Porter wrote another editorial seven months later in which he asserted that, at its core, the suffrage movement was a rejection of the sacred responsibilities God had given to women. “[Suffragists] believe [God] made a mistake in restricting motherhood to women, and forbidding them the privilege of fatherhood,” Porter explained. The suffrage movement, Porter believed, reflected suffragists’ anger against God and the teachings in scripture. Porter also warned that some suffragists intended to destroy Christian homes and families. Porter believed it was clear that suffragists rejected motherhood because some supported the use of contraception. Others, he believed, wanted to dissolve the institution of marriage altogether. Porter closed this editorial with one of his most scathing attacks on suffragists, calling them “feminine demons” who were “pointing womankind to the path that leads to harlotry and to hell.”
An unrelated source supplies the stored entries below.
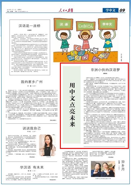 深造,攻读经济学或者国际关系等领域的研究生。对于未来,韩懋宇不忘初心,“我会学好汉语和专业知识,让更多人了解中国和尼日利亚,让更多人听到中尼两国的声音,了解两国的故事,为中尼两国的友谊与合作贡献出自己的力量。”韩懋宇说。
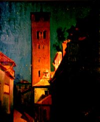 Incendio de la Catedral de Vic, apunte del natural desde la terraza de la casa del pintor
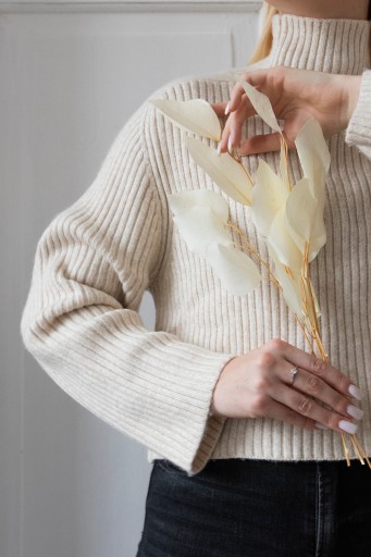 Naturalnie suszony i preparowany EUKALIPTUS IVORY w kolorze kości słoniowej. Dzięki procesowi preparowania liście rośliny zachowują niezmieniony kształt, połysk i świeży wygląd. Są w dalszym ciągu miękkie i nie łamią się. Z liści łatwo usunąć kurz. Eukaliptus jest trwały, dzięki czemu może latami służyć jako autentyczna dekoracja wnętrza.
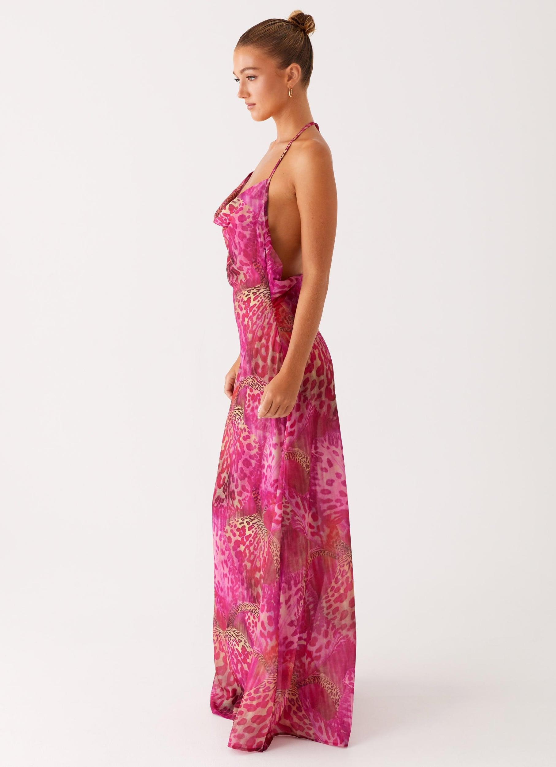 Peppermayo ExclusiveThe Fantasy Maxi Dress features a stunning low front cowl neckline that flows into a sultry low back, creating a dramatic and elegant silhouette. The perfect combination of sensuality and sophistication, this dress is designed to make a bold statement at your next event.- Maxi length - Low front cowl neckline - Thin neck tie - Low back - Side hook and eye, invisible zipper - Chiffon material - Fully lined - Exclusive print - Print placement will differ per garment - 100% polyester - Lining: 95% polyester, 5% spandexSize AU 8 / US 4 garment measurements:Bust: 84 cm / 33.07 inchesWaist: 72 cm / 28.35 inchesHip: 96 cm / 37.80 inchesHem: 200 cm / 78.74 inchesLength: 142 cm / 55.91 inchesYasmin is 174cm and wearing a size AU 6 / and US 2
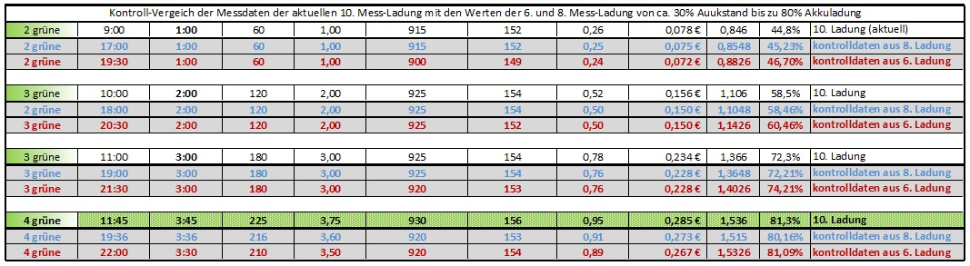 Hier ein Kontroll-Vergleich mit Messwerten von meiner 6. und 8. Mess-Ladung (ebenfalls von ca. 30% bis 80% Akkustand):
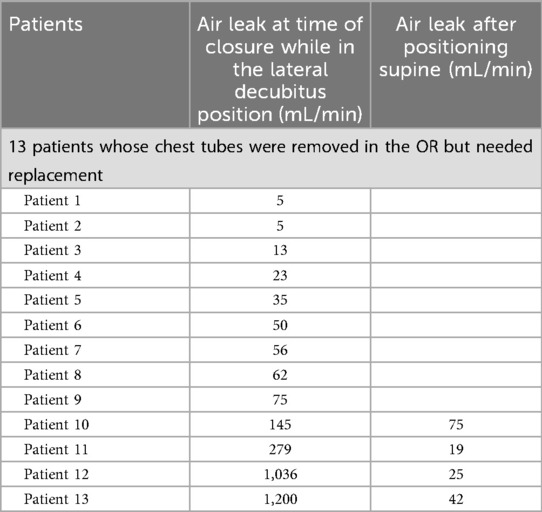 Table 6. Exact air leak measurements of the 13 patients while in the lateral decubitus and supine positions in the OR.
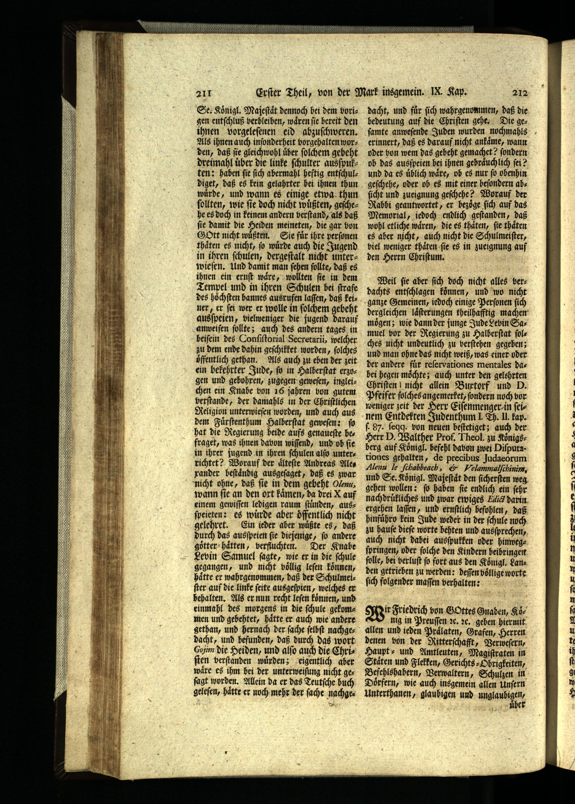 Se. Koͤnigl. Majeſtaͤt dennoch bei dem vorigen entſchluß verbleiben, waͤren ſie bereit den ihnen vorgeleſenen eid abzuſchweren. Als ihnen auch inſonderheit vorgehalten worden, daß ſie gleichwohl uͤber ſolchem gebeht dreimahl über die linke ſchulter ausſpukten: haben ſie ſich abermahl heftig entſchuldiget, daß es kein gelahrter bei ihnen thun wuͤrde, und wann es einige etwa thun ſollten, wie ſie doch nicht wußten, geſchehe es doch in keinem andern berſtand, als daß ſie damit die Heiden meineten, die gar von Gott nicht wuͤßten. Sie für ihre perſonen trhaͤten es nicht, fo wuͤrde auch die Jugend in ihren ſchulen, dergeſtalt nicht unterwieſen. Und damit man ſehen ſollte, daß es ihnen ein ernſt waͤre, wollten ſie in dem Tempel und in ihren Schulen bei ſtrafe des hoͤchſten hannes ausrufen laſſen, daß keiner, er ſei wer er wolle in ſolchem gebeht ausſpeien, vielweniger die jugend darauf anweiſen ſollte; auch des andern tages in beiſein des Conſiſtorial Secretarii, welcher zu dem ende dahin geſchikket worden, ſolches oͤffentlich gethan. Als auch zu eben der zeit ein bekehrter Jude, ſo in Halberſtat erzogen und gebohren, zugegen geweſen, ingleichen ein Knabe von 16 jahren bon gutem berſtande, der damahls in der Chriſtlichen Religion unterwieſen worden, und auch aus dem Fuͤrſtenthum Halberſtat geweſen: fo hat die Regierung beide aufs genaueſte befraget, was ihnen davon wiſſend, und ob ſie
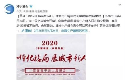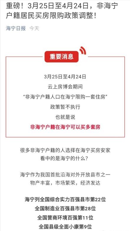 同时,海宁市委机关报《海宁日报》公众号也发布消息《重磅!3月25日至4月24日,非海宁户籍居民买房限购政策调整!》,即3月25日至4月24日“云上房博会”期间 “非海宁户籍人口在海宁限购一套住房”政策暂不执行。这意味着,非海宁户籍此前只能买一套住房,现在开始到未来1个月,可以在海宁买多套住房。

Which brings us back to Sojourner Truth. Adam may have been created before Eve, but no man had a part in the birth of Jesus Christ –He was the result of a union between God (the Holy Spirit) and the young Hebrew girl Mary.
Nice summary. Thank you. I have a couple observations.
1. This is another example of misuse of the Bible to promote self-interest just like some did on the issue of slavery.
2. We have had a number of women elected to the top governmental position in their countries, and the results seem to be pretty successful for the most part.